_Work item_
Shown below are entries with pictures; the line with "Cork Pin Board with Wooden" through the line with "как выглядит Vintage" is the span to retype exactly, and the pictures stay out.

_Data_
Content starts
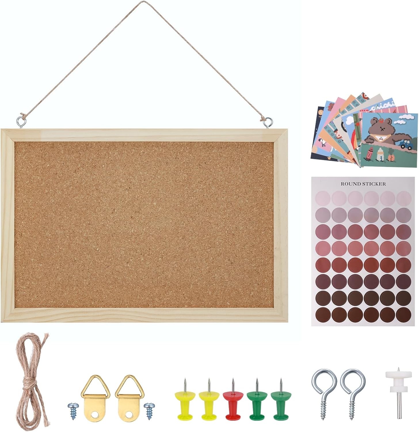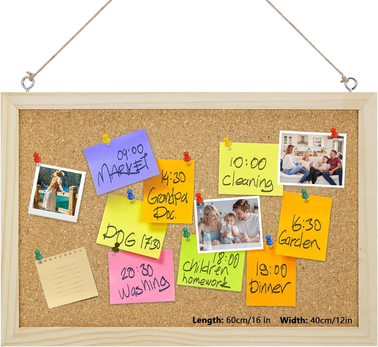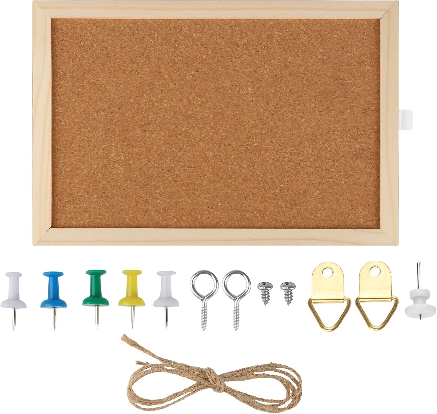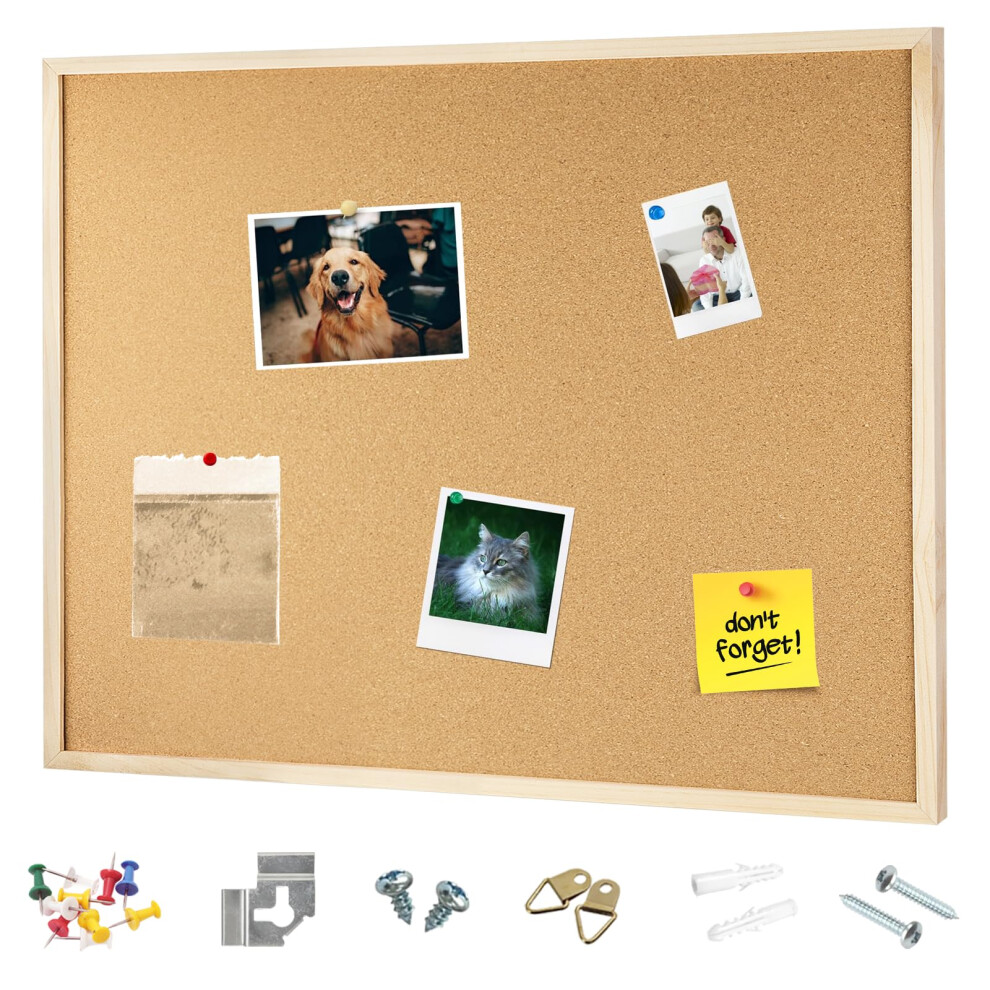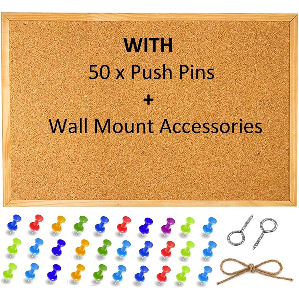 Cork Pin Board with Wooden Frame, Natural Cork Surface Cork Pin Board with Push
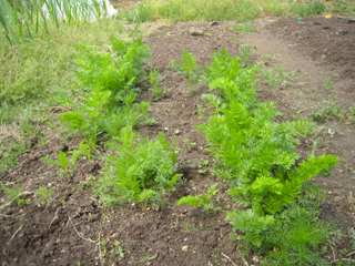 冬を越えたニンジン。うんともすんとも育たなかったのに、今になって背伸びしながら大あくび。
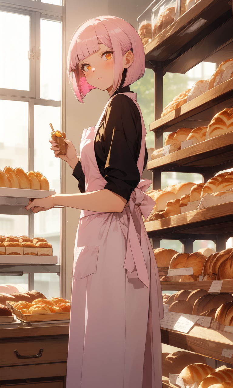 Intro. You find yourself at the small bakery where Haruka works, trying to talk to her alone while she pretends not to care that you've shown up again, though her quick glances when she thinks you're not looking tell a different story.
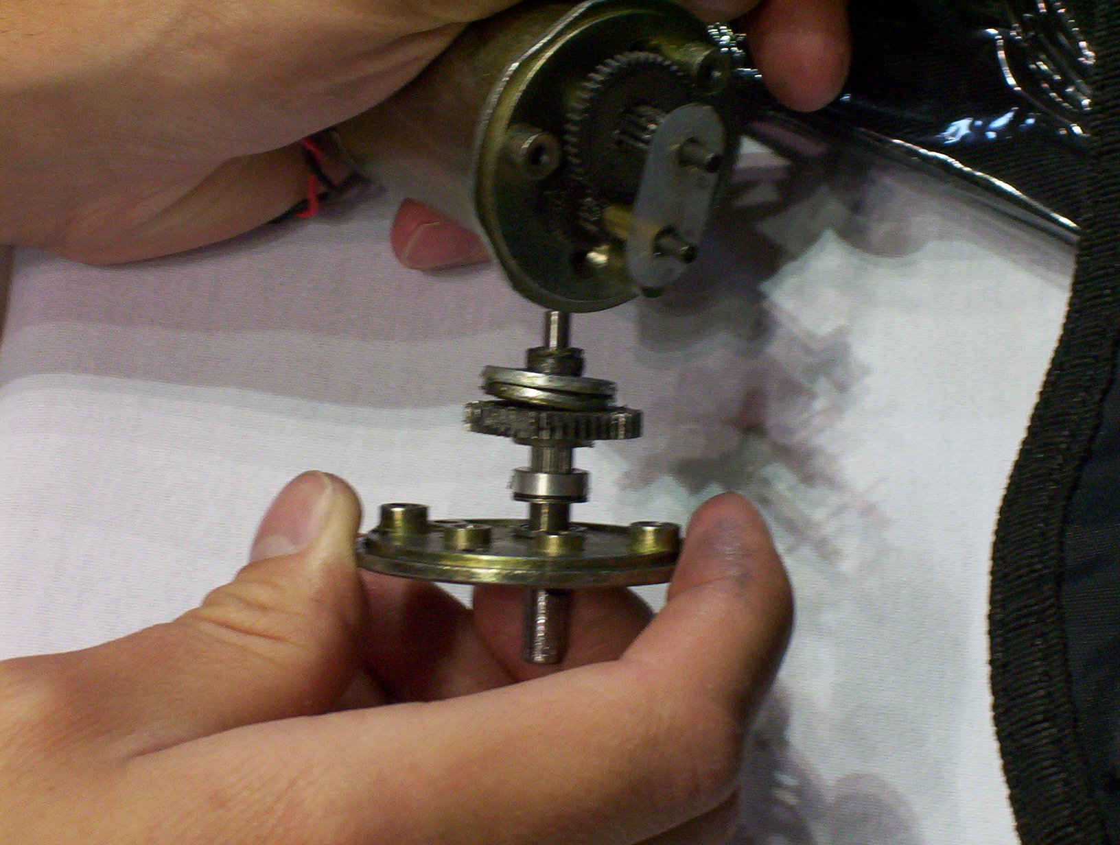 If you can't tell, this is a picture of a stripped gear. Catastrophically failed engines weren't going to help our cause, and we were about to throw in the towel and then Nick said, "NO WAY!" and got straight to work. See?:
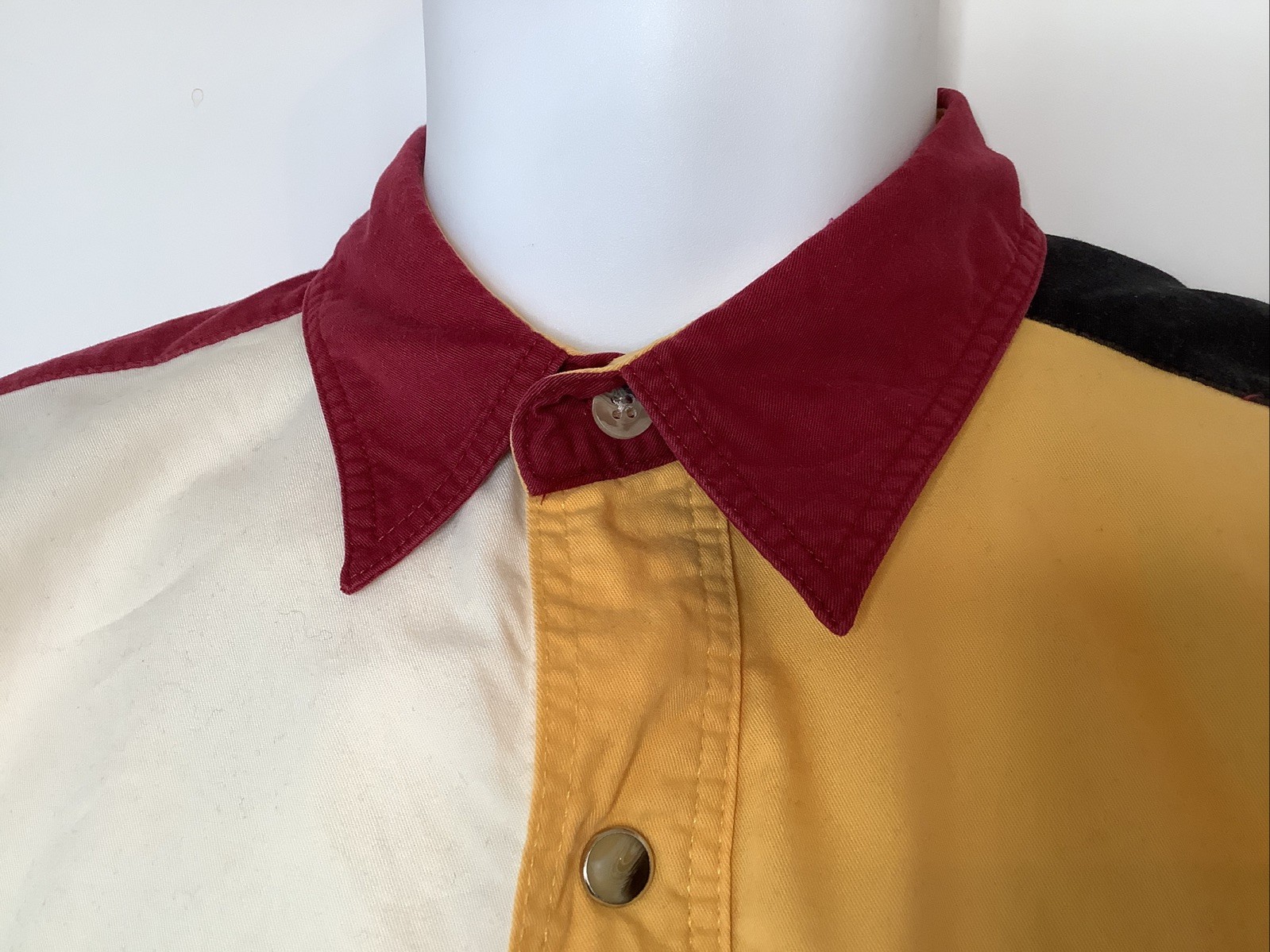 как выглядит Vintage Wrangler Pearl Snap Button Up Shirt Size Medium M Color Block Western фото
Content ends
Content starts
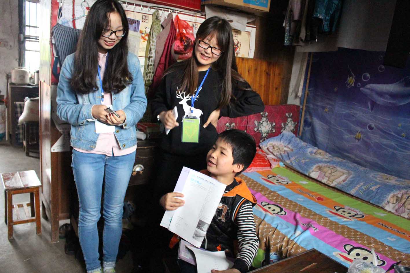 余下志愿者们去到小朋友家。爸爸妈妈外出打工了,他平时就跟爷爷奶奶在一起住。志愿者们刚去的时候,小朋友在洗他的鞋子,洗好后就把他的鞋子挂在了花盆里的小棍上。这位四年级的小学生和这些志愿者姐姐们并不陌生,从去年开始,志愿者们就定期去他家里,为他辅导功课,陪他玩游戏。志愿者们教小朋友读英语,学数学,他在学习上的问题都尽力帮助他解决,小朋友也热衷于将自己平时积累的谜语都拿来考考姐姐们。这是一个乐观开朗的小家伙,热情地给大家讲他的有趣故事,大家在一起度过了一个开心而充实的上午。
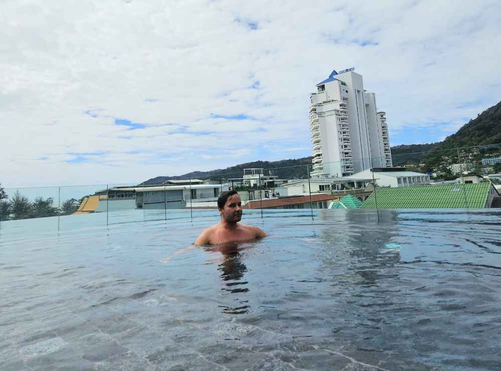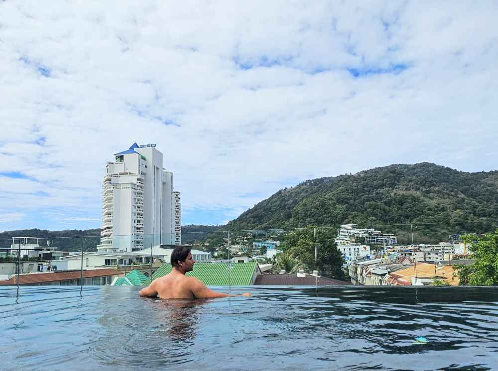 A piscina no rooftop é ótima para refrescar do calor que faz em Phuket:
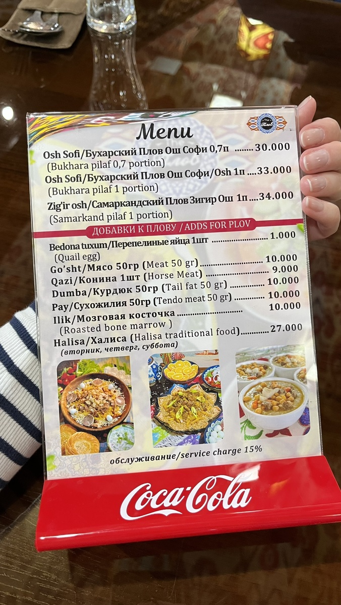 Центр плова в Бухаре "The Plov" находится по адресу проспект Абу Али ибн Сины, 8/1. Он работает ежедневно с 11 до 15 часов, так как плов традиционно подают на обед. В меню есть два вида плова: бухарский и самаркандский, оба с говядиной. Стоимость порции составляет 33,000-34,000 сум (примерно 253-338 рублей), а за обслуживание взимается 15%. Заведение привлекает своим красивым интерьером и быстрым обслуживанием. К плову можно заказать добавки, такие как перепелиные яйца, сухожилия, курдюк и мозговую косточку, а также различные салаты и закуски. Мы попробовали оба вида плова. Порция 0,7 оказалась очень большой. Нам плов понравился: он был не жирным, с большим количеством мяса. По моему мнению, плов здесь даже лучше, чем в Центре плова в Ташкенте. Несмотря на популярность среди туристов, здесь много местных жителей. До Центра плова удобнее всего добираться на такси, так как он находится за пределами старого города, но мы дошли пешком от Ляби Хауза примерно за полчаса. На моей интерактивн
Content ends
_Response to this task_
 Cork Pin Board with Wooden Frame, Natural Cork Surface Cork Pin Board with Push
 冬を越えたニンジン。うんともすんとも育たなかったのに、今になって背伸びしながら大あくび。
 Intro. You find yourself at the small bakery where Haruka works, trying to talk to her alone while she pretends not to care that you've shown up again, though her quick glances when she thinks you're not looking tell a different story.
 If you can't tell, this is a picture of a stripped gear. Catastrophically failed engines weren't going to help our cause, and we were about to throw in the towel and then Nick said, "NO WAY!" and got straight to work. See?:
 как выглядит Vintage Wrangler Pearl Snap Button Up Shirt Size Medium M Color Block Western фото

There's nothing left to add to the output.